This can vary by school and school district. In general, most schools require that new students have a school physical. Students entering certain grades or participating in athletic programs also need to have a physical. Some colleges may require physicals for new students, as well. Even if a school doesn't require a physical for entry every year, having yearly physicals prior to the start of the school year can be a good way to check on a young person's overall health and wellness, and it can allow for early diagnosis of emerging health problems.

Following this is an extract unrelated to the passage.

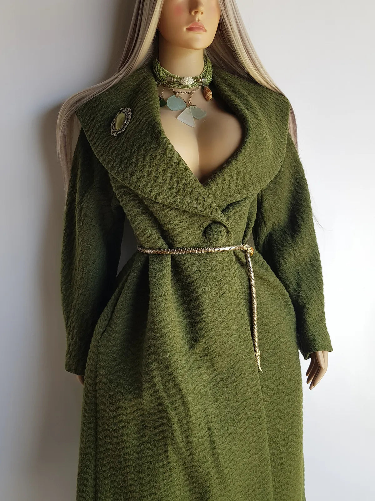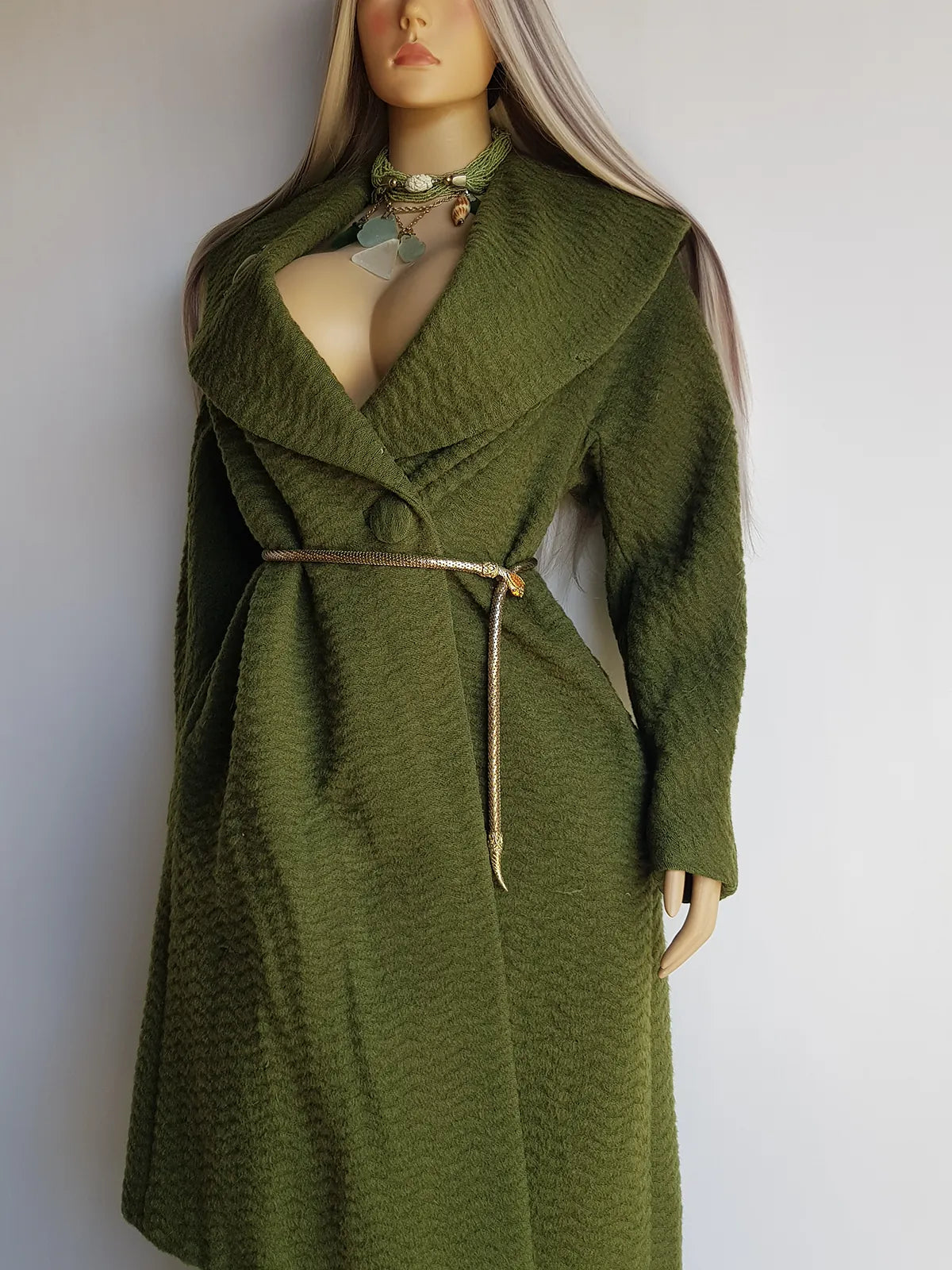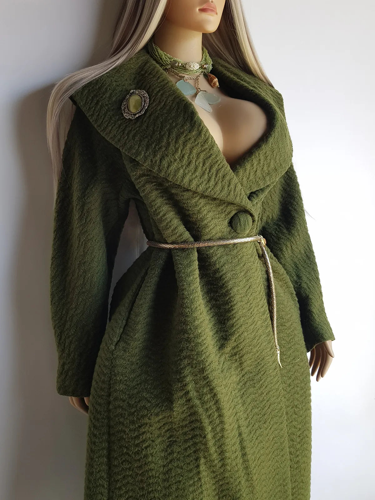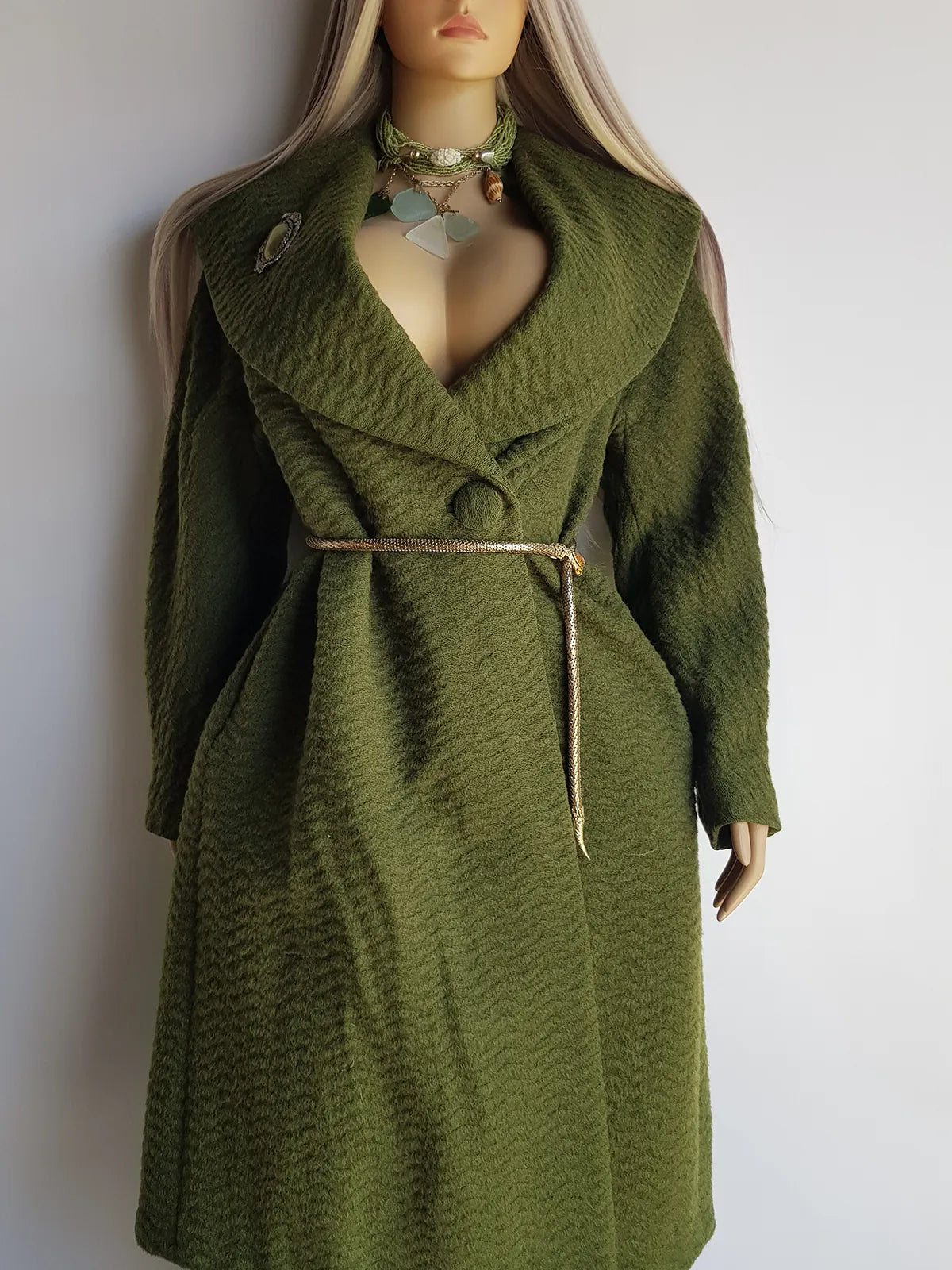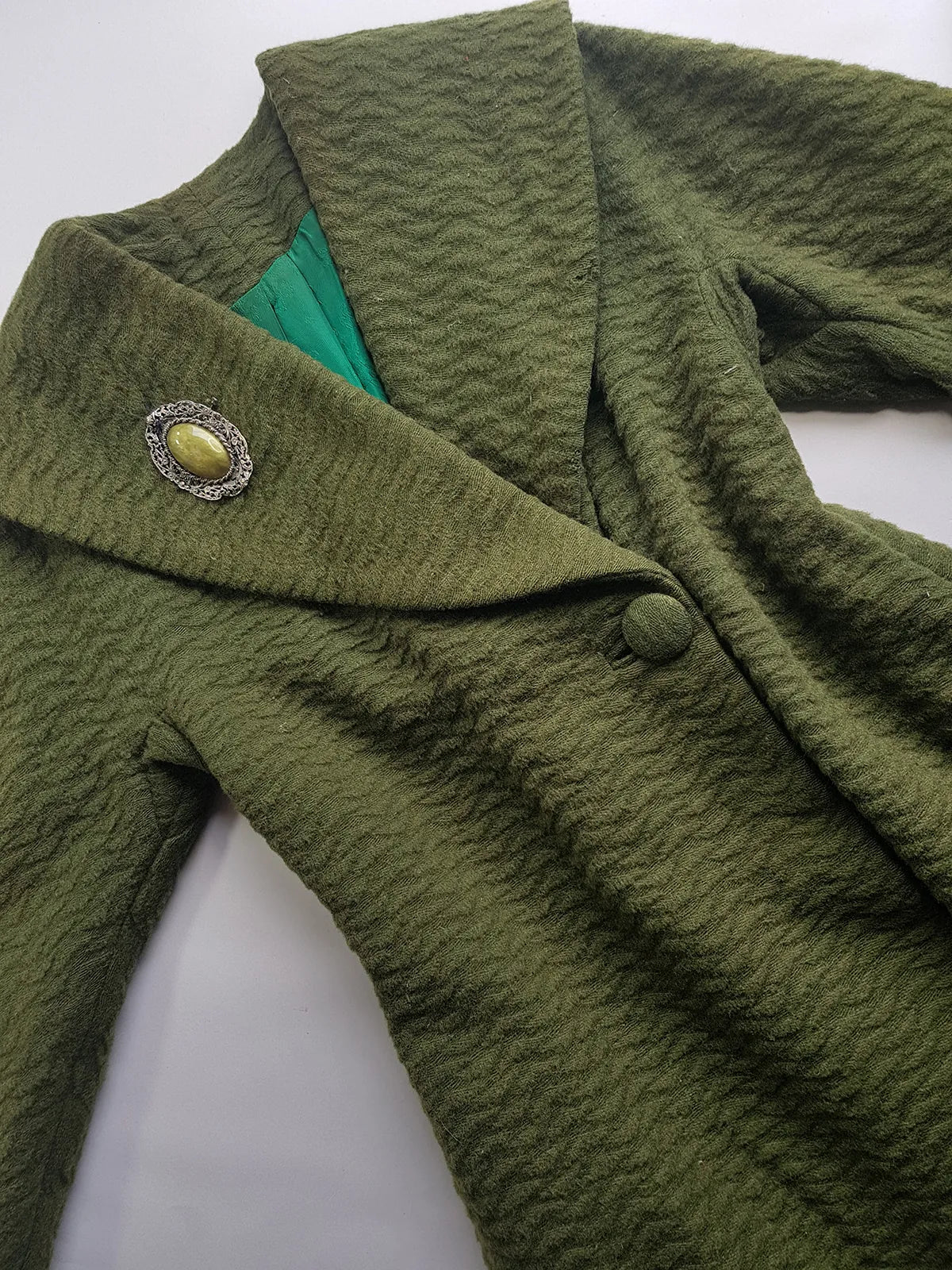 1950s Vintage Wool Hourglass Coat in Incredible Olive Green & Ornate Lapel Brooch - Knee Length - Immaculate Tailoring - Emerald Green Lining

Every school is different. Most schools give the student some follow-up of health appraisal form. Dr. Scarborough can complete this form to verify that the child is in good health.
There are usually 2 parts to a school physical. First, Dr. Scarborough reviews the medical history with the patient and their parents. The medical history typically covers all serious illnesses or injuries in the past, major illnesses in the family, past surgeries, past hospital stays, allergies, and a list for all current and past medications.
The next part of the school physical is the physical exam. This usually includes a check of the patient's vital signs and a height and weight check. Dr. Scarborough also checks the patient's heart, eyes, lungs, ears, throat, and nose. Reflexes, flexibility level, and strength are also checked in the typical school physical.
In most schools, a school physical is valid for 12 months from the date of the exam. There may be exceptions for certain groups, for example in some schools a special education student's school physical may be valid for up to 3 years. Parents and students should check with their schools to make sure that their current school physical is up to date before the school years begins.